=== DIRECTIONS FOR THIS TASK ===
The full listing, exactly as written and with no images, is the expected output.

=== RECORDS SUPPLIED ===
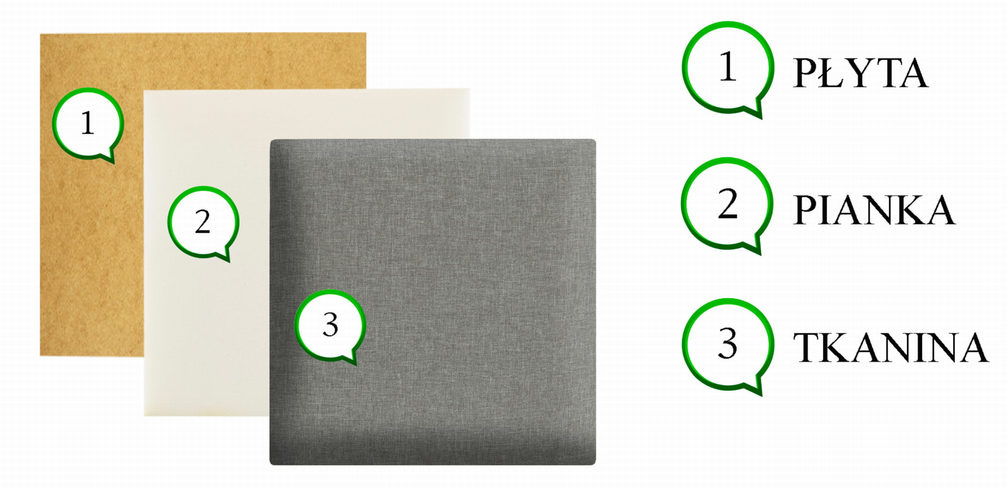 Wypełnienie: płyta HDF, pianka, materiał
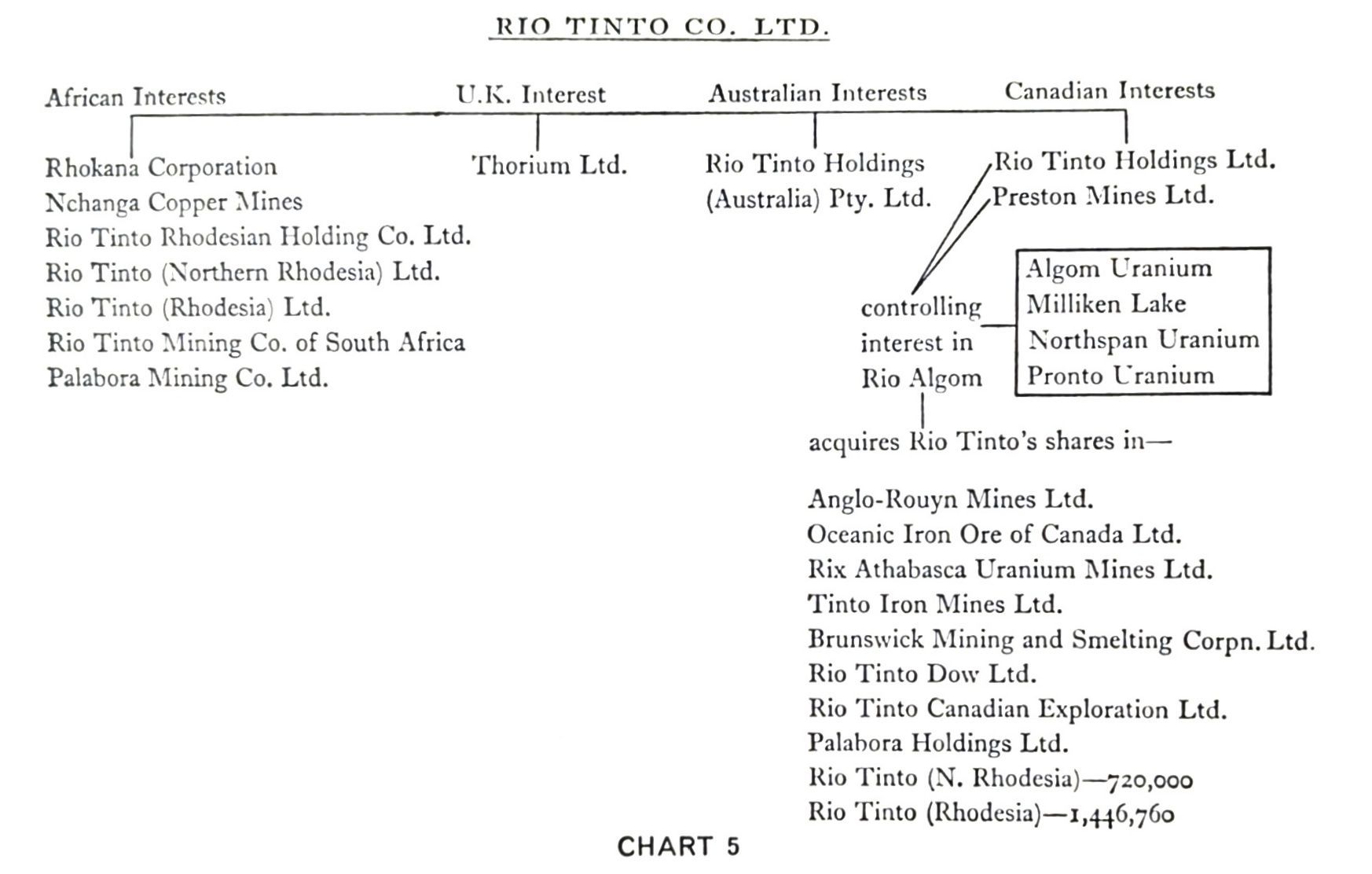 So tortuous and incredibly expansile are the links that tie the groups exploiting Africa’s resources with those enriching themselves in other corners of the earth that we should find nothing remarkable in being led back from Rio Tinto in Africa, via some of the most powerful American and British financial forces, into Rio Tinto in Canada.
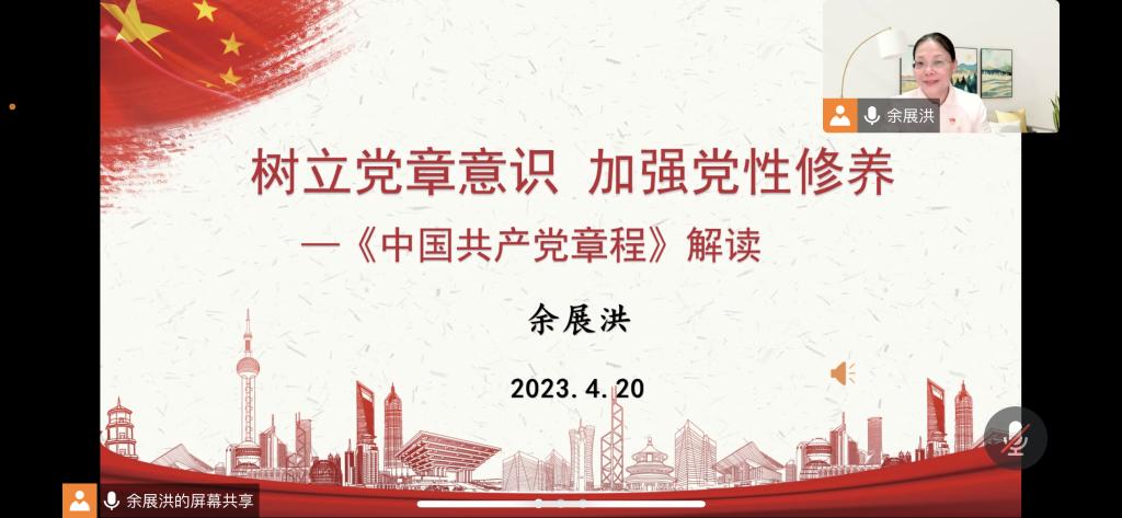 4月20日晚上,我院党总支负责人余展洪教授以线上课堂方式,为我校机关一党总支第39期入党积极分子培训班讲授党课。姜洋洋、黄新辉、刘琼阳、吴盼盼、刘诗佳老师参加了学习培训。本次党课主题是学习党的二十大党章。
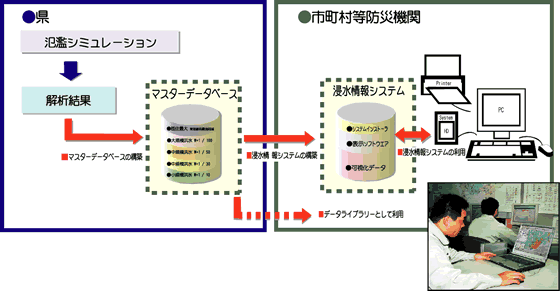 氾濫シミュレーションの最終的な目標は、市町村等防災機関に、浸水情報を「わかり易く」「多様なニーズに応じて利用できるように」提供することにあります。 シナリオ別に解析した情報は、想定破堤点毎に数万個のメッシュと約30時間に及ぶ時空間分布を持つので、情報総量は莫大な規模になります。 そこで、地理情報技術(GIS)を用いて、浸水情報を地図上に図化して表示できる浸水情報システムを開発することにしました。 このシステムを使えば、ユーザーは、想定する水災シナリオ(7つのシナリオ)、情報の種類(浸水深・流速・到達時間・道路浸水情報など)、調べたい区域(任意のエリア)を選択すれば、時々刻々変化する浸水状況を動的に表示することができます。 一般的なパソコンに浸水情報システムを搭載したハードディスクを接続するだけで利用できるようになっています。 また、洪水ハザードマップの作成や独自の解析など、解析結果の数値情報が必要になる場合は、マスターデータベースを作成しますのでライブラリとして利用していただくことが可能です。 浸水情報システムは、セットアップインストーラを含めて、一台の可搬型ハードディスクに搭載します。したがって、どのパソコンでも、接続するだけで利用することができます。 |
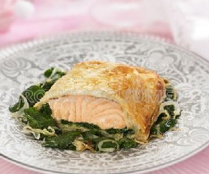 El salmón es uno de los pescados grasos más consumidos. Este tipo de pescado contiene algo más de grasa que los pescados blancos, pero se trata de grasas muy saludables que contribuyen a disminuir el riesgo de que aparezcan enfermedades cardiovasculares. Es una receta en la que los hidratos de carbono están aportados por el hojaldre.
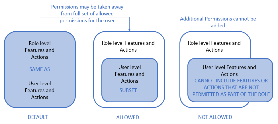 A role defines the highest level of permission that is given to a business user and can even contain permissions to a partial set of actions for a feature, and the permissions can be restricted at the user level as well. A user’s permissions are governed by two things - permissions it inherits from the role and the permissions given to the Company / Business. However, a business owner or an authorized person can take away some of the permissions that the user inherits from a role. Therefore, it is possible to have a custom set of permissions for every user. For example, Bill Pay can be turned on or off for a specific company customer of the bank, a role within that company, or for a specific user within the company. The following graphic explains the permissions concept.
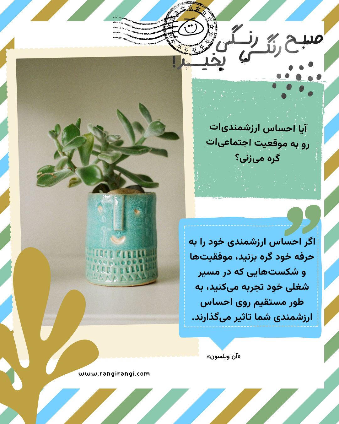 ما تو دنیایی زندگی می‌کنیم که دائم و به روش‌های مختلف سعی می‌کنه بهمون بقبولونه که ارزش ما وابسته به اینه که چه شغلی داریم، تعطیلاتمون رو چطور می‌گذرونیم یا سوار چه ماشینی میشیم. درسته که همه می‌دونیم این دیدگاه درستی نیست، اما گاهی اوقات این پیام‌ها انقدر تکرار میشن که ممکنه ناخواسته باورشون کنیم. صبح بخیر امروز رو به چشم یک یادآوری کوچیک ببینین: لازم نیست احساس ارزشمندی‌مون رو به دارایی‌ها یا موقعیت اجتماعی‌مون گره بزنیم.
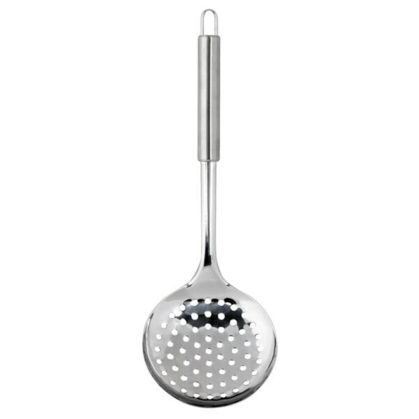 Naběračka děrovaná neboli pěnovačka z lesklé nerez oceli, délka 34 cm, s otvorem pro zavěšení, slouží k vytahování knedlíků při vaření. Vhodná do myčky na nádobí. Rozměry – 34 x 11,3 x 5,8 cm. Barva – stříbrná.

=== RESULT OF THE EXERCISE ===
 Wypełnienie: płyta HDF, pianka, materiał
 So tortuous and incredibly expansile are the links that tie the groups exploiting Africa’s resources with those enriching themselves in other corners of the earth that we should find nothing remarkable in being led back from Rio Tinto in Africa, via some of the most powerful American and British financial forces, into Rio Tinto in Canada.
 4月20日晚上,我院党总支负责人余展洪教授以线上课堂方式,为我校机关一党总支第39期入党积极分子培训班讲授党课。姜洋洋、黄新辉、刘琼阳、吴盼盼、刘诗佳老师参加了学习培训。本次党课主题是学习党的二十大党章。
 氾濫シミュレーションの最終的な目標は、市町村等防災機関に、浸水情報を「わかり易く」「多様なニーズに応じて利用できるように」提供することにあります。 シナリオ別に解析した情報は、想定破堤点毎に数万個のメッシュと約30時間に及ぶ時空間分布を持つので、情報総量は莫大な規模になります。 そこで、地理情報技術(GIS)を用いて、浸水情報を地図上に図化して表示できる浸水情報システムを開発することにしました。 このシステムを使えば、ユーザーは、想定する水災シナリオ(7つのシナリオ)、情報の種類(浸水深・流速・到達時間・道路浸水情報など)、調べたい区域(任意のエリア)を選択すれば、時々刻々変化する浸水状況を動的に表示することができます。 一般的なパソコンに浸水情報システムを搭載したハードディスクを接続するだけで利用できるようになっています。 また、洪水ハザードマップの作成や独自の解析など、解析結果の数値情報が必要になる場合は、マスターデータベースを作成しますのでライブラリとして利用していただくことが可能です。 浸水情報システムは、セットアップインストーラを含めて、一台の可搬型ハードディスクに搭載します。したがって、どのパソコンでも、接続するだけで利用することができます。 |
 El salmón es uno de los pescados grasos más consumidos. Este tipo de pescado contiene algo más de grasa que los pescados blancos, pero se trata de grasas muy saludables que contribuyen a disminuir el riesgo de que aparezcan enfermedades cardiovasculares. Es una receta en la que los hidratos de carbono están aportados por el hojaldre.
 A role defines the highest level of permission that is given to a business user and can even contain permissions to a partial set of actions for a feature, and the permissions can be restricted at the user level as well. A user’s permissions are governed by two things - permissions it inherits from the role and the permissions given to the Company / Business. However, a business owner or an authorized person can take away some of the permissions that the user inherits from a role. Therefore, it is possible to have a custom set of permissions for every user. For example, Bill Pay can be turned on or off for a specific company customer of the bank, a role within that company, or for a specific user within the company. The following graphic explains the permissions concept.
 ما تو دنیایی زندگی می‌کنیم که دائم و به روش‌های مختلف سعی می‌کنه بهمون بقبولونه که ارزش ما وابسته به اینه که چه شغلی داریم، تعطیلاتمون رو چطور می‌گذرونیم یا سوار چه ماشینی میشیم. درسته که همه می‌دونیم این دیدگاه درستی نیست، اما گاهی اوقات این پیام‌ها انقدر تکرار میشن که ممکنه ناخواسته باورشون کنیم. صبح بخیر امروز رو به چشم یک یادآوری کوچیک ببینین: لازم نیست احساس ارزشمندی‌مون رو به دارایی‌ها یا موقعیت اجتماعی‌مون گره بزنیم.
 Naběračka děrovaná neboli pěnovačka z lesklé nerez oceli, délka 34 cm, s otvorem pro zavěšení, slouží k vytahování knedlíků při vaření. Vhodná do myčky na nádobí. Rozměry – 34 x 11,3 x 5,8 cm. Barva – stříbrná.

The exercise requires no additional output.